Народу было битком, и среди посетителей я с некоторым удивлением обнаружил немало своих ровесников, вернее — ровесников моего тела. Причём, как мужского пола, так и женского. Первые, видимо, были юнгами с кораблей — по крайней мере, насколько я мог судить. Они изо всех сил старались казаться старше, налегали на спиртное наравне со взрослыми, кричали что-то своими слабыми ломающимися голосками — но при этом держались каждый «своих», опасаясь отходить далеко от компаний, с которыми пришли, это бросалось в глаза. Ловя мои взгляды, они смотрели с вызовом, мол — я имею право тут находиться, а ты кто такой?
Что же по поводу девушек… Если честно, когда глядел на них, на то, как их глаза, вызывающе накрашенные и блестящие выпитым алкоголем, встречаются с моими, равнодушно оценивают, соскальзывая по явно не самой лучшей и дорогой одежде, и тут же уходят куда-нибудь в сторону, отнеся к категории неплатёжеспособных, как они виляют своими тощими бёдрами, как смешно стараются выпятить свои крошечные, по большей части, бюсты, как благосклонно позволяют грубым мужским ладоням хватать и лапать себя, как наигранно смеются… В горле вставал ком. Неправильно это, не должно быть так.

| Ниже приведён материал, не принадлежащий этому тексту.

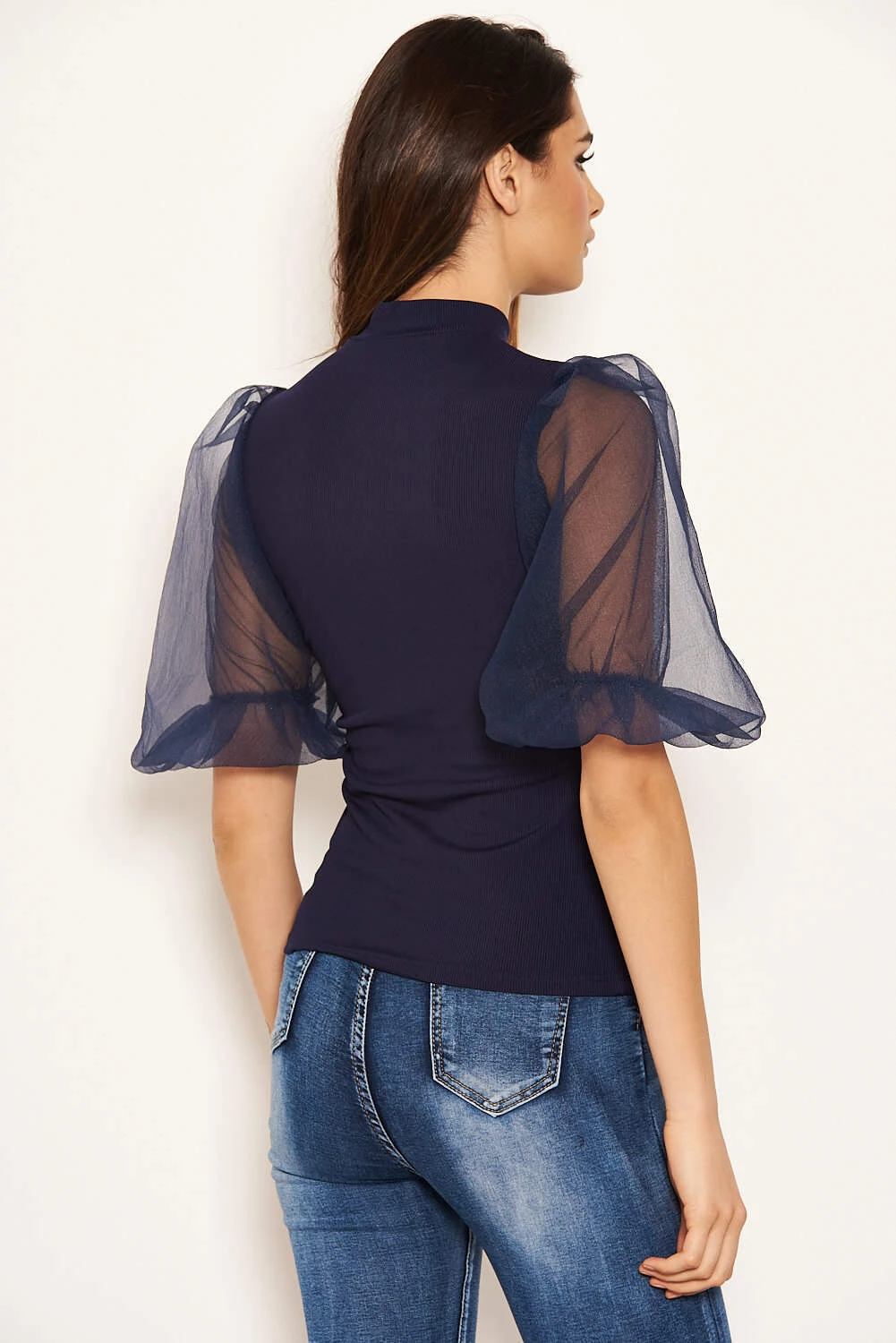Stand out in our Navy Puff Sleeve Knitted Top. Featuring a puff sleeve detail, which is so on trend right now, team it with a pair of leather pants for the perfect look!
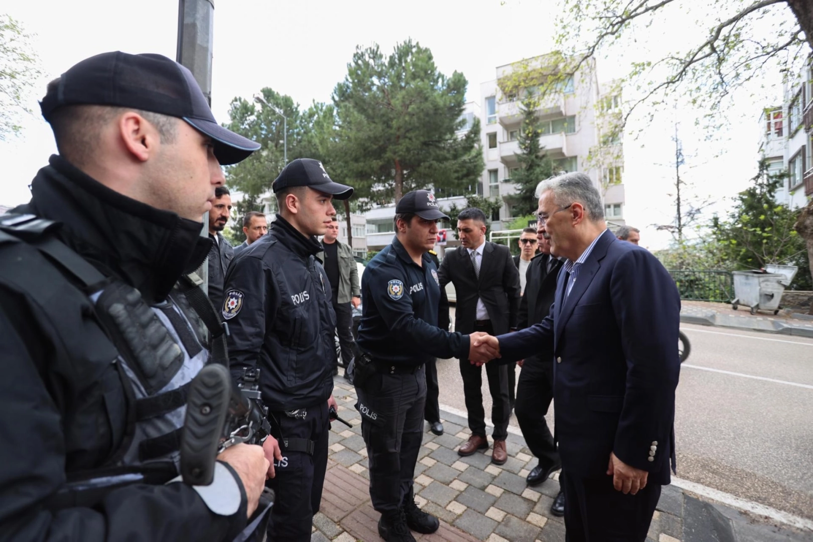Ziyaretlerine Sahil Güvenlik Komutanlığı'nda başlayan Bursa Valisi Erol Ayyıldız, sırasıyla Gemlik İlçe Jandarma Komutanlığı, Engürücük Yol Kontrol Noktası ve Çekirge Polis Merkezi Amirliği'nde görevli personelleri bir bir ziyaret etti. Polis ekipleriyle bayramlaşan Ayyıldız, Bursa Ulu Cami'ye giderek vatandaşlarla da bayramlaştı.
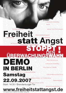Freiheit statt Angst - stoppt den Überwachungsstaat, ist eine Demonstration überschrieben, die am 22. September 2007 in Berlin stattfinden soll. Initiator ist die Initiative gegen Vorratsdatenspeicherung. Anlass ist die geplante Speicherung aller Telekommunikations-Verbindungen. Unterstützt wird der Protest von immer mehr Organisationen, auch von der Partei DIE LINKE.

Но… Окружающие относились ко всем этим вещам, неприятным и плохим с моей точки зрения, совершенно спокойно. Судя по всему, тут такое норма. И слишком юные красавицы, льнущие к грубым потным мужикам, и заливающие глаза безусые пареньки.

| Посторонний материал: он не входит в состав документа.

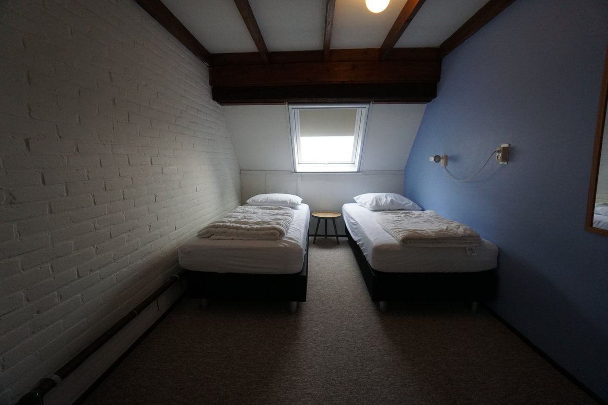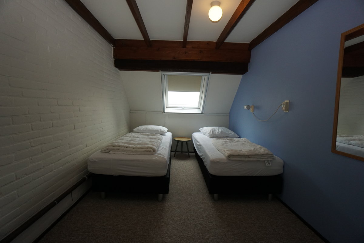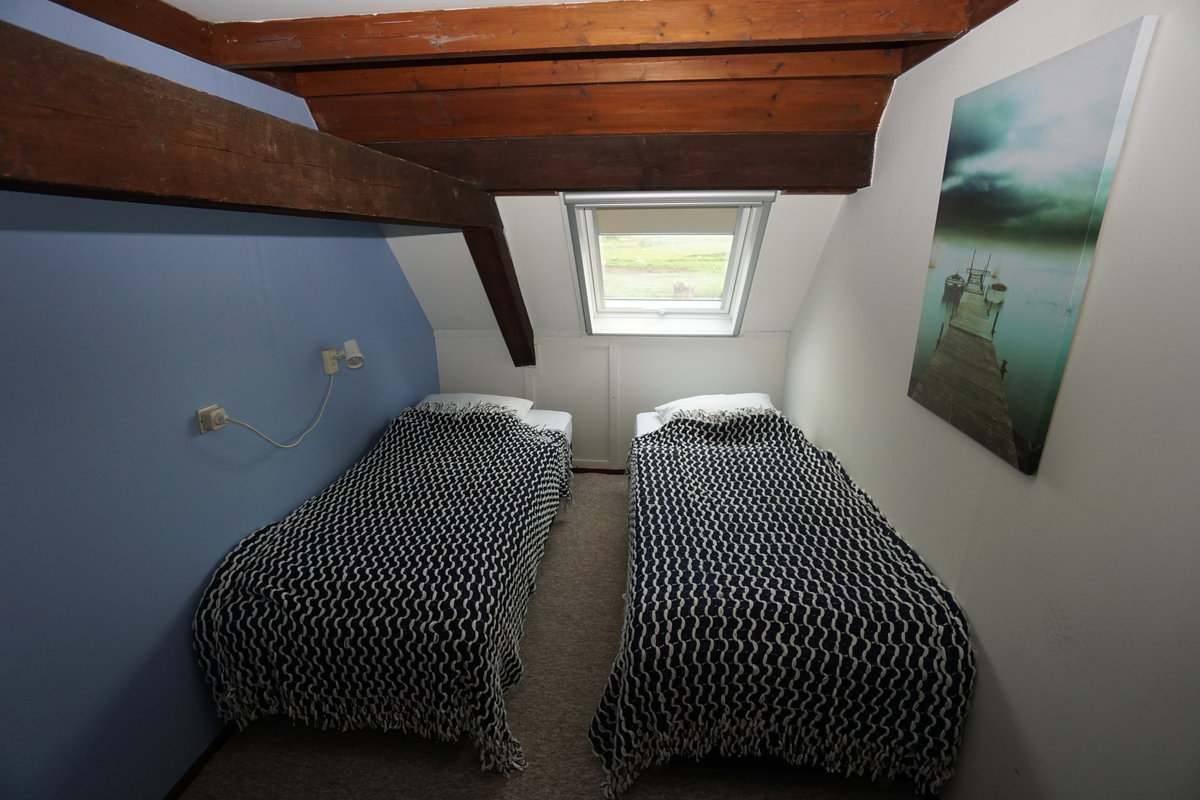Im Obergeschoss befinden sich zwei Schlafzimmer. Das eine Schlafzimmer hat zwei Einzelbetten und das andere Schlafzimmer hat vier Einzelbetten.
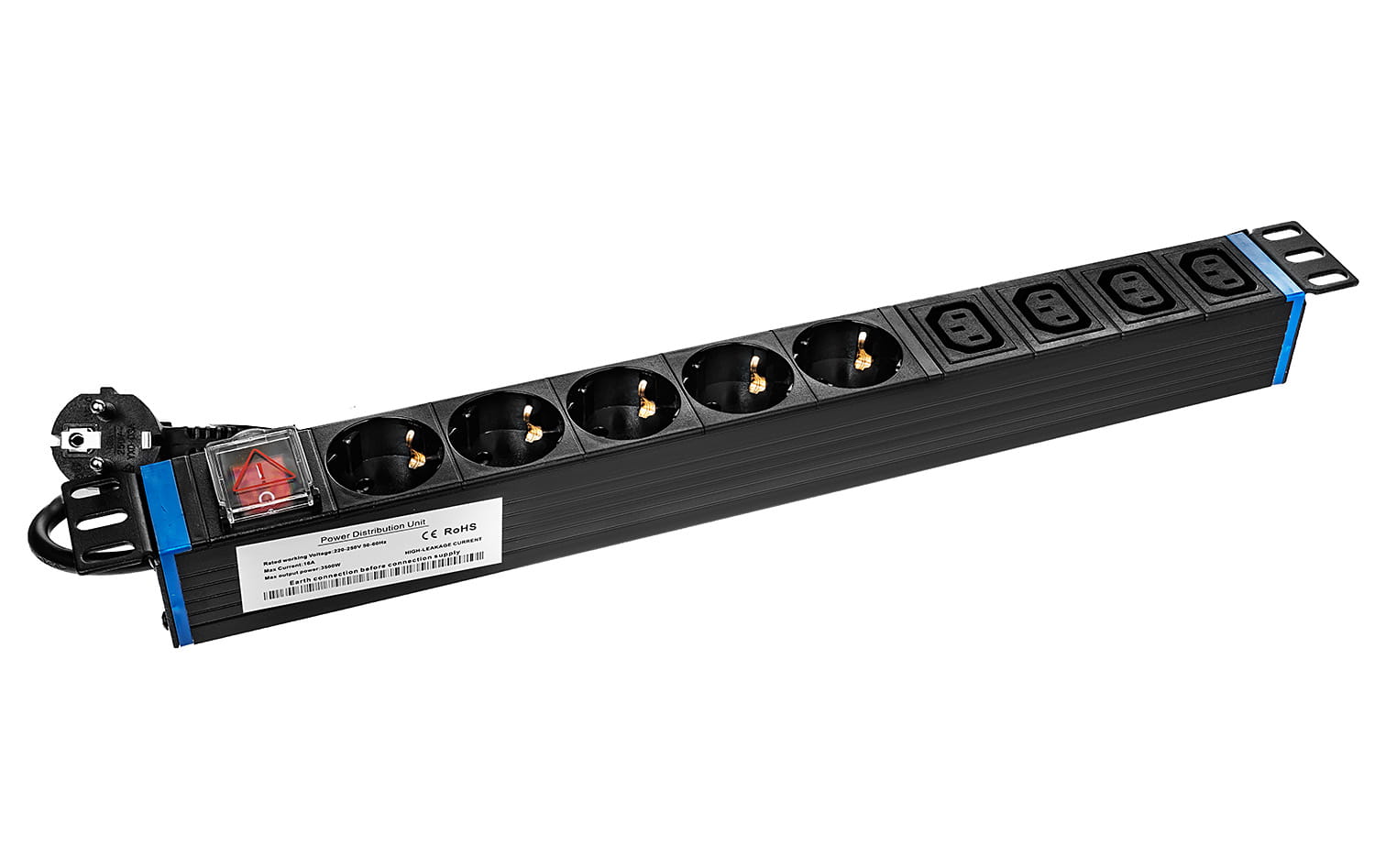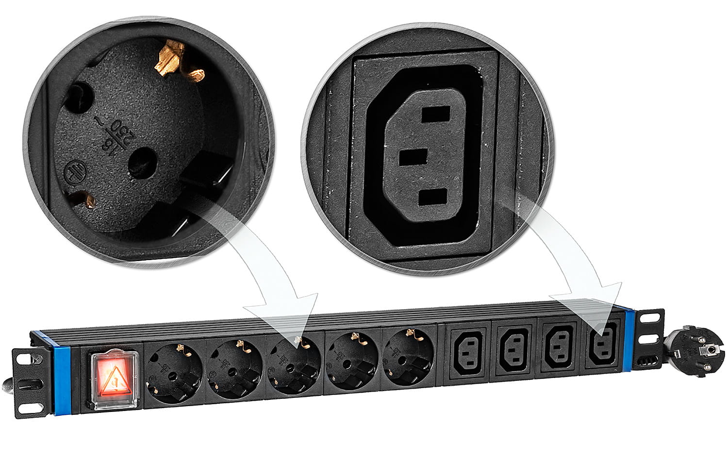 9GN-S-C13-P - listwa zasilająca 19" z włącznikiem - 5 gniazd SCHUKO i 4 gniazda C13

Не переставая вертеть головой и поглядывать по сторонам, я начал пробираться к барной стойке — и, очередной раз крутанув головой, вдруг налетел на что-то, чуть не упав. Сделав шаг назад, поднял глаза, и понял: это не «что-то», а «кто-то». Передо мной стоял огромный мужик, настоящий влеикан, с грудной клеткой шириной с мой рост и руками увитыми мускулами настолько, что, казалось это стволы вековых дубов.
— П-простите… — мой голос опять дал петуха, невольно показывая больше эмоций, чем следовало бы.

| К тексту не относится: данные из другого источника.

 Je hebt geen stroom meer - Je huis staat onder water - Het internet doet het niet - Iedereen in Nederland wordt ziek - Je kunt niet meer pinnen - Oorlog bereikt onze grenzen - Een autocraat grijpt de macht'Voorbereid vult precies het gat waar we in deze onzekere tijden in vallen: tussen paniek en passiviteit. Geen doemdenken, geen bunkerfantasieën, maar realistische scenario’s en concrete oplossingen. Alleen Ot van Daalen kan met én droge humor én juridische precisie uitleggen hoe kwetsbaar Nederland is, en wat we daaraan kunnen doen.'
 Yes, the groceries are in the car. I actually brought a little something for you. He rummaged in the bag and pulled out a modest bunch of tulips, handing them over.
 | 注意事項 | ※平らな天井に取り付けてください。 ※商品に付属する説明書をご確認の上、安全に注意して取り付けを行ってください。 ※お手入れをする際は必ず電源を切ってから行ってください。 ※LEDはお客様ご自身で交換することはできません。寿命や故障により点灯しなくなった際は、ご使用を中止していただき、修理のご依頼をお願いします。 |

— Тут не место для попрошаек! Дуй отсюда!
Вышибала — дошло до меня наконец. Быстро же меня вычислили! Разжав кулак, я показал здоровяку серебряный и попытался сыграть, как мог, обиду.
— У меня есть деньги! И я хочу их потратить у вас!
Гигант какое-то время смотрел на меня, потом на монету, потом опять на меня. Резким, неожиданно быстрым движением выхватил заветный блестящий кругляш из руки, поднёс к глазам, повертел, попробовал на зуб. Во мне начал подниматься праведный гнев — неужели и это отберут? Больше-то заначек нет! Но здоровяк протянул серебряный обратно, и я с облегчением вздохнул. Надеюсь, не слишком поспешно забирал своё сокровище обратно.
— Ты не с корабля.
— Нет.
— Сухопутных крыс тут не любят. Я предупреждал.
Вышибала резко развернулся, сразу потеряв ко мне интерес, и устремился куда-то по своим делам. Я только успел крикнуть вслед:
— А вы не знаете Малыша?.. — но ответа не последовало. То ли он не расслышал меня за стоящим в заведении гомоном — моряки как назло именно в этот момент начали хором распевать какую-то удалую песню, прихлопывая и притопывая в такт — то ли просто не посчитал нужным тратить своё время.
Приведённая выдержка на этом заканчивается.